_INSTRUCTIONS FOR THE TASK_
In the records below, repeat word for word only the lines starting at the one that contains "Playストアのキャッシュを削除するには、以下の操作手順を行ってください。" and ending at the one that contains "As you conserve", pictures excluded.

_PROVIDED MATERIAL_
____________________
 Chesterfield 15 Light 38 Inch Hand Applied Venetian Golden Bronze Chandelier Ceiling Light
____________________
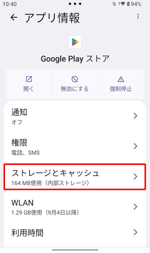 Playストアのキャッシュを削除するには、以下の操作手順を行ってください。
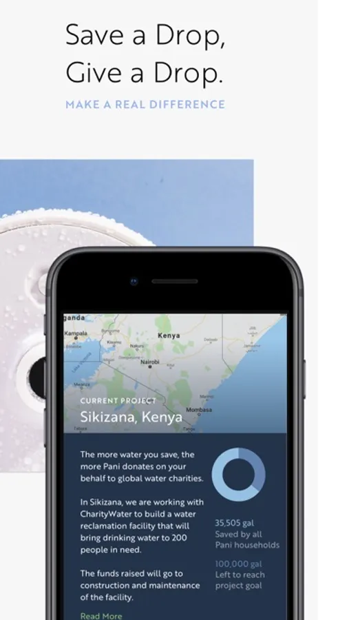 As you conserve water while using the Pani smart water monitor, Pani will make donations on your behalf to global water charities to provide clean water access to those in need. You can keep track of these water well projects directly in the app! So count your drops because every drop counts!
____________________
_SOLUTION TO THE PROBLEM_
 Playストアのキャッシュを削除するには、以下の操作手順を行ってください。
 As you conserve water while using the Pani smart water monitor, Pani will make donations on your behalf to global water charities to provide clean water access to those in need. You can keep track of these water well projects directly in the app! So count your drops because every drop counts!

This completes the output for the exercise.